= Beginning of Section =
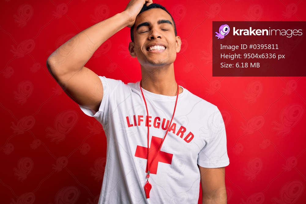 Young handsome african american lifeguard man wearing t-shirt with red cross and whistle smiling confident touching hair with hand up gesture, posing attractive and fashionable - Kraken Images
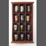 A set of 12 vintage Chinese Cloisonne Pots (8cm approx) with individual stands all in a wooden display unit (51 x 28cm approx).
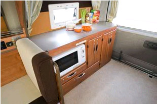 ギャレーは、後部に設置されている。進行方向左側にシンクと冷蔵庫、右側に収納庫が設置され、コンロはカセットコンロを右側収納庫の上部に置くことになる。冷蔵庫は上開きタイプの40リッターのものがオプションで用意されている。電子レンジもオプションで用意されており、これは右側収納庫に設置することになる。
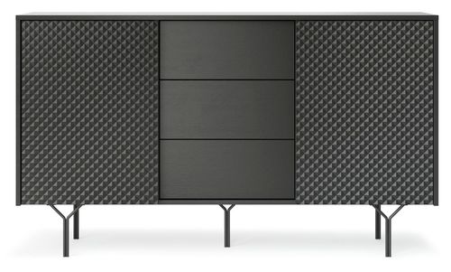 Komoda Navara została wykonana z materiałów najwyższej jakości. Płyta MDF pokryta czarną półmatową okleiną, charakteryzuje się idealną gładkością i jest odporna na wilgoć, zarysowania i wysokie temperatury. Tak samo jak metalowe nogi odpowiednio zabezpieczone przed odpryskiem farby spowodowanym, np. pracą robota sprzątającego. Komoda Navara wykonana jest precyzyjnie zgodnie z najwyższymi standardami, by służyć Ci przez lata! Wszystkie elementy komody do salonu są starannie dopasowane, aby zagwarantować trwałość i bezproblemową eksploatację mebla.
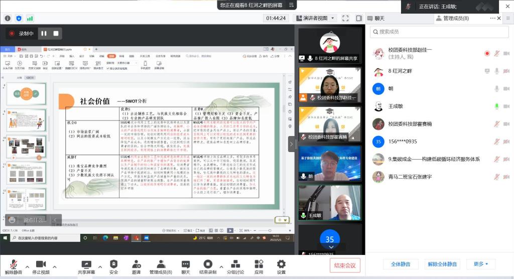 根据实际情况,结合疫情防控要求,5月5日下午,校团委组织评委通过腾讯会议形式进行项目答辩。答辩会上,各团队围绕项目的社会价值、创新意义、实践过程、发展前景、项目简介等内容进行了详细精彩的展示和汇报,得到了评委们的肯定。同时,评委们也对各项目如何进一步聚焦社会问题、突出项目的创新性、项目的实践过程提出了问题和建议,为接下来备赛省赛和国赛奠定了扎实的基础。
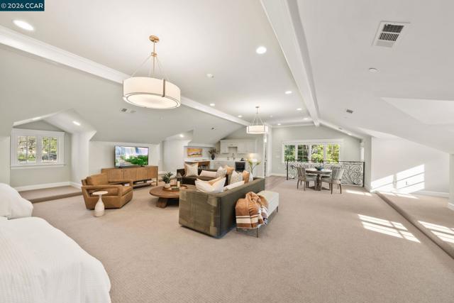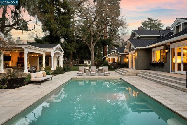 An iconic gated estate on prestigious Alameda Diablo, offering timeless craftsmanship and refined country club living. Backing directly to the fairways of Diablo Country Club with a private entry with fountain, manicured lawn, and pergola-framed porch sets the tone. Inside, soaring 12-foot ceilings and curated interiors blend warmth and elegance. The chef’s kitchen features marble surfaces and premium appliances, opening to the family room and custom bar, ideal for entertaining. Resort-style grounds include a pool and spa, pool house with sauna, pavilion with full kitchen and fireplace, fire pit, potting shed, and expansive golf course views. The home also offers a custom wine cellar, media room, playroom, bonus room, and private office. The primary suite includes patio access, walk-in closet, and spa-like bath. An upstairs au pair suite with separate entrance provides flexibility. Prime location near Diablo Country Club, trails, downtown Danville, top-rated schools, and freeway access.
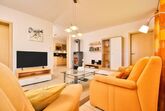 Das Haus ist komplett neu mit hochwertigen und modernen Möbeln liebevoll eingerichtet. Jede Ferienwohnung besitzt einen Abstellraum/Wirtschaftsraum. Die Ferienwohnungen sind barrierefrei eingerichtet. Die Küchen sind komplett ausgestattet, so sind u. a. Spülmaschine, Elektroherd, Mikrowelle, Backofen, Kühlschrank mit Gefrierfach und Dunstabzug vorhanden. Alle Wohnungen haben einen Kaminofen mit Specksteinverkleidung und Glasscheibe für eine romantische Atmosphäre. Das Holz hierfür steht Ihnen kostenlos zur Verfügung. Das Bad hat einen großen Waschtisch, WC und Dusche. Handtücher und Bademäntel werden kostenlos gestellt. Alle Wohnungen sind mit einer Zentralheizung ausgestattet. Alle Betten sind Doppelbetten mit jeweils zwei getrennten Matratzen. Diese haben die Maße 90 cm x 200 cm.
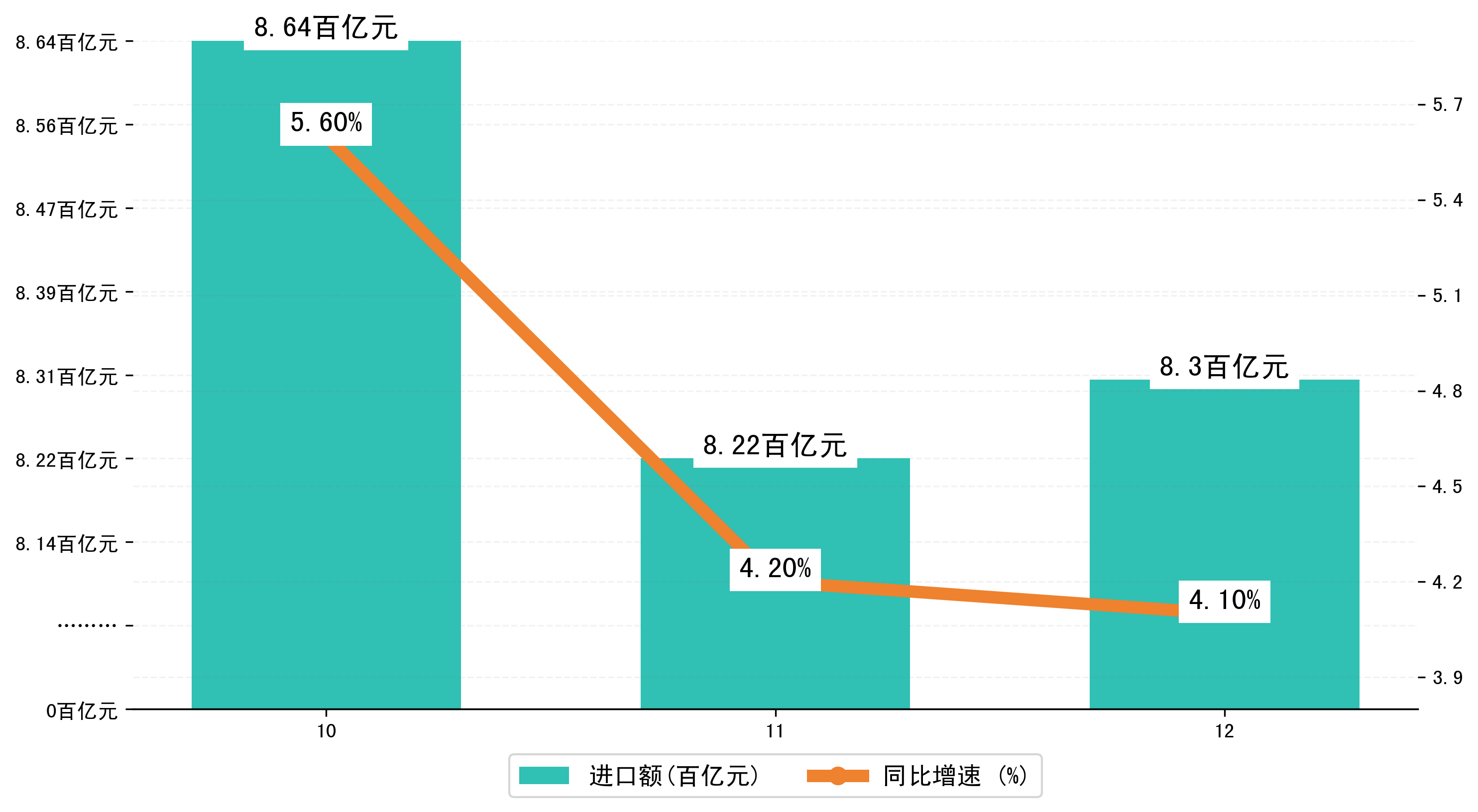 以人民币计,2024年12月苏州市进口额为830,0352.783万元,相比上月增加了7,9857.839万元;相比上年同期增加了42,4395.6128万元,同比增加了4.10%。
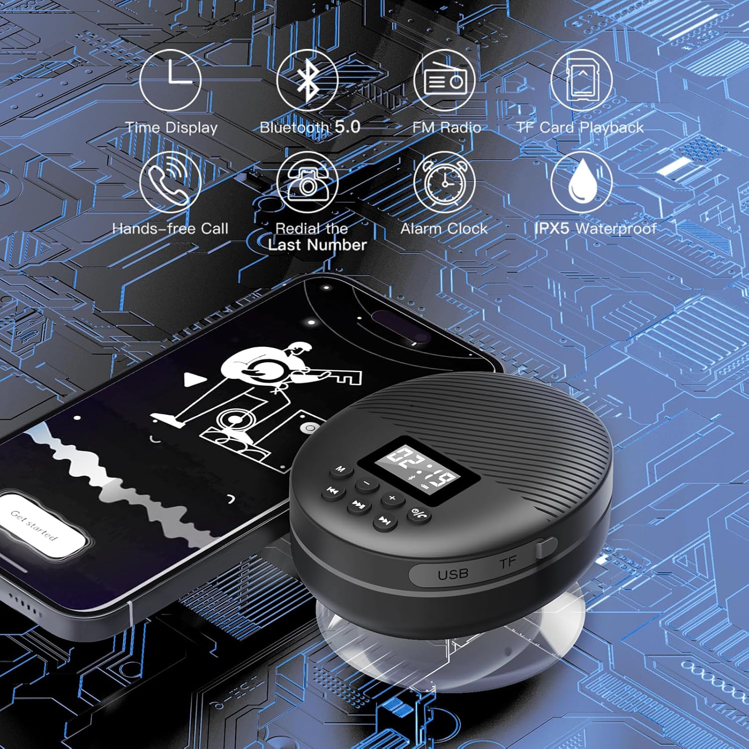 Shower Radio Speaker with Bluetooth 5.0, Waterproof Wireless Bathroom FM with Suction Cup 12H Long Playback Time, Lanyard, LCD Screen Display, Handsfree Calling, Storage Card Playback Black
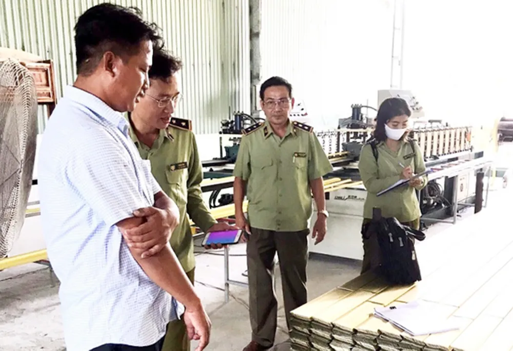 Qua kiểm tra, ngành chức năng phát hiện 10.000 thanh khung trần nhà trong cơ sở Hiền Hòa, có dấu hiệu xâm phạm quyền đối với nhãn hiệu được bảo hộ tại Việt Nam do Công ty CP Công nghiệp Vĩnh Tường đăng ký.
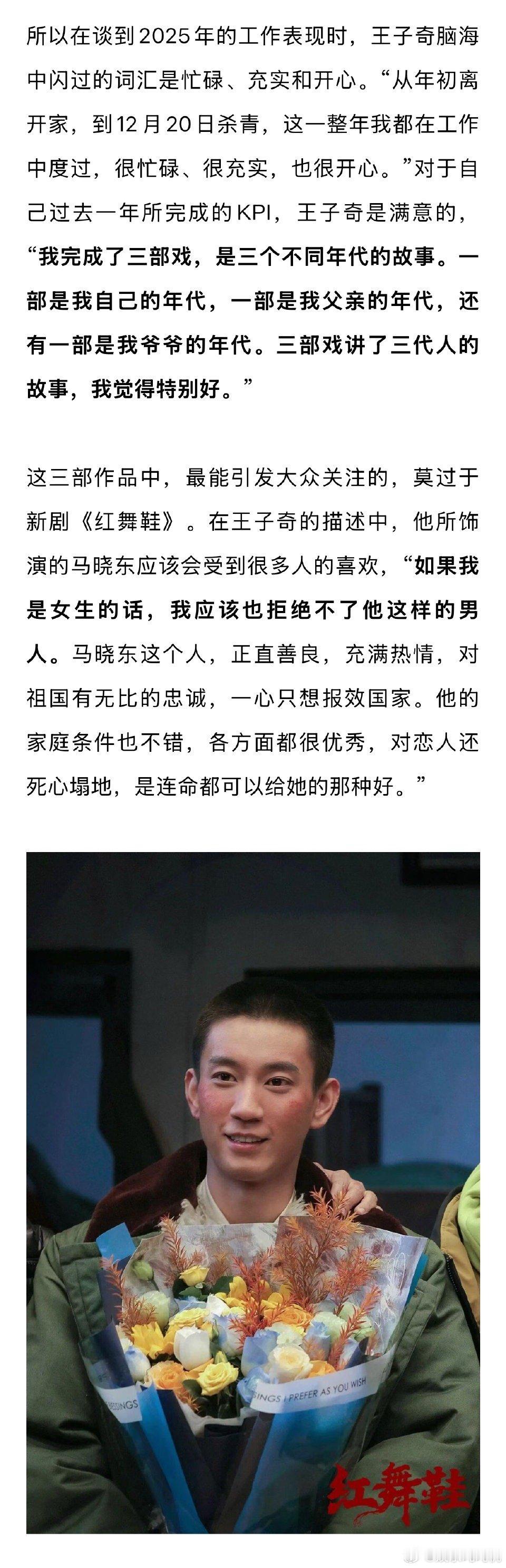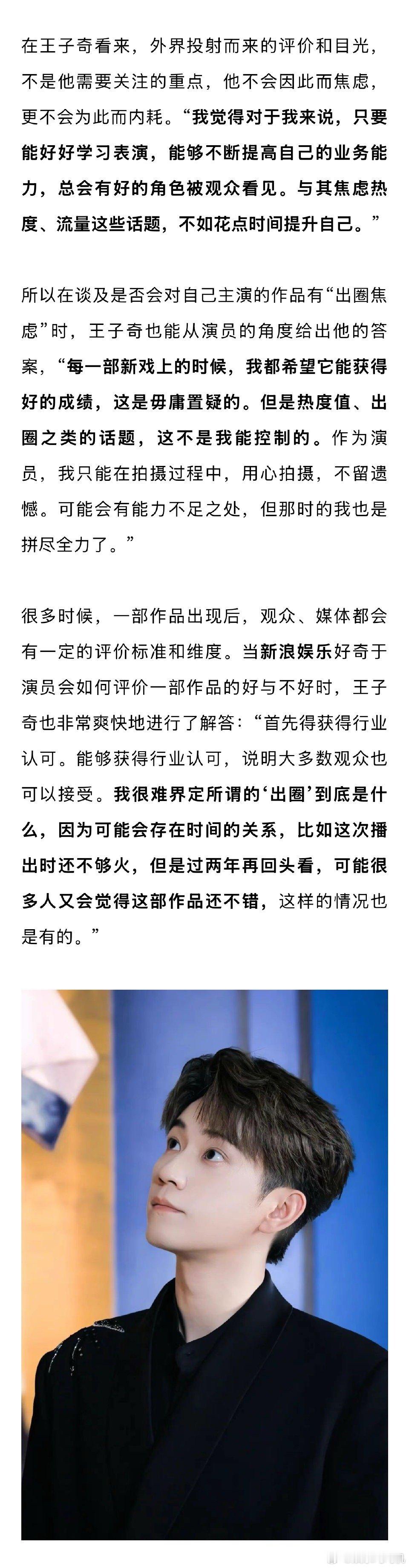 王子奇说自己无法拒绝萧瑾瑜王子奇说年龄不是焦虑而是财富 他对于演员该做什么有很清晰的边界感。听取有益的建议,同时坚持做自己,专注在表演这条路上深耕,这种定力在年轻演员中并不多见。
= End of Section =
_EXERCISE PROMPT:_
Reproduce every entry exactly, but omit each picture.

_RESPONSE TO THE EXERCISE:_
 Young handsome african american lifeguard man wearing t-shirt with red cross and whistle smiling confident touching hair with hand up gesture, posing attractive and fashionable - Kraken Images
 A set of 12 vintage Chinese Cloisonne Pots (8cm approx) with individual stands all in a wooden display unit (51 x 28cm approx).
 ギャレーは、後部に設置されている。進行方向左側にシンクと冷蔵庫、右側に収納庫が設置され、コンロはカセットコンロを右側収納庫の上部に置くことになる。冷蔵庫は上開きタイプの40リッターのものがオプションで用意されている。電子レンジもオプションで用意されており、これは右側収納庫に設置することになる。
 Komoda Navara została wykonana z materiałów najwyższej jakości. Płyta MDF pokryta czarną półmatową okleiną, charakteryzuje się idealną gładkością i jest odporna na wilgoć, zarysowania i wysokie temperatury. Tak samo jak metalowe nogi odpowiednio zabezpieczone przed odpryskiem farby spowodowanym, np. pracą robota sprzątającego. Komoda Navara wykonana jest precyzyjnie zgodnie z najwyższymi standardami, by służyć Ci przez lata! Wszystkie elementy komody do salonu są starannie dopasowane, aby zagwarantować trwałość i bezproblemową eksploatację mebla.
 根据实际情况,结合疫情防控要求,5月5日下午,校团委组织评委通过腾讯会议形式进行项目答辩。答辩会上,各团队围绕项目的社会价值、创新意义、实践过程、发展前景、项目简介等内容进行了详细精彩的展示和汇报,得到了评委们的肯定。同时,评委们也对各项目如何进一步聚焦社会问题、突出项目的创新性、项目的实践过程提出了问题和建议,为接下来备赛省赛和国赛奠定了扎实的基础。
 An iconic gated estate on prestigious Alameda Diablo, offering timeless craftsmanship and refined country club living. Backing directly to the fairways of Diablo Country Club with a private entry with fountain, manicured lawn, and pergola-framed porch sets the tone. Inside, soaring 12-foot ceilings and curated interiors blend warmth and elegance. The chef’s kitchen features marble surfaces and premium appliances, opening to the family room and custom bar, ideal for entertaining. Resort-style grounds include a pool and spa, pool house with sauna, pavilion with full kitchen and fireplace, fire pit, potting shed, and expansive golf course views. The home also offers a custom wine cellar, media room, playroom, bonus room, and private office. The primary suite includes patio access, walk-in closet, and spa-like bath. An upstairs au pair suite with separate entrance provides flexibility. Prime location near Diablo Country Club, trails, downtown Danville, top-rated schools, and freeway access.
 Das Haus ist komplett neu mit hochwertigen und modernen Möbeln liebevoll eingerichtet. Jede Ferienwohnung besitzt einen Abstellraum/Wirtschaftsraum. Die Ferienwohnungen sind barrierefrei eingerichtet. Die Küchen sind komplett ausgestattet, so sind u. a. Spülmaschine, Elektroherd, Mikrowelle, Backofen, Kühlschrank mit Gefrierfach und Dunstabzug vorhanden. Alle Wohnungen haben einen Kaminofen mit Specksteinverkleidung und Glasscheibe für eine romantische Atmosphäre. Das Holz hierfür steht Ihnen kostenlos zur Verfügung. Das Bad hat einen großen Waschtisch, WC und Dusche. Handtücher und Bademäntel werden kostenlos gestellt. Alle Wohnungen sind mit einer Zentralheizung ausgestattet. Alle Betten sind Doppelbetten mit jeweils zwei getrennten Matratzen. Diese haben die Maße 90 cm x 200 cm.
 以人民币计,2024年12月苏州市进口额为830,0352.783万元,相比上月增加了7,9857.839万元;相比上年同期增加了42,4395.6128万元,同比增加了4.10%。
 Shower Radio Speaker with Bluetooth 5.0, Waterproof Wireless Bathroom FM with Suction Cup 12H Long Playback Time, Lanyard, LCD Screen Display, Handsfree Calling, Storage Card Playback Black
 Qua kiểm tra, ngành chức năng phát hiện 10.000 thanh khung trần nhà trong cơ sở Hiền Hòa, có dấu hiệu xâm phạm quyền đối với nhãn hiệu được bảo hộ tại Việt Nam do Công ty CP Công nghiệp Vĩnh Tường đăng ký.
 王子奇说自己无法拒绝萧瑾瑜王子奇说年龄不是焦虑而是财富 他对于演员该做什么有很清晰的边界感。听取有益的建议,同时坚持做自己,专注在表演这条路上深耕,这种定力在年轻演员中并不多见。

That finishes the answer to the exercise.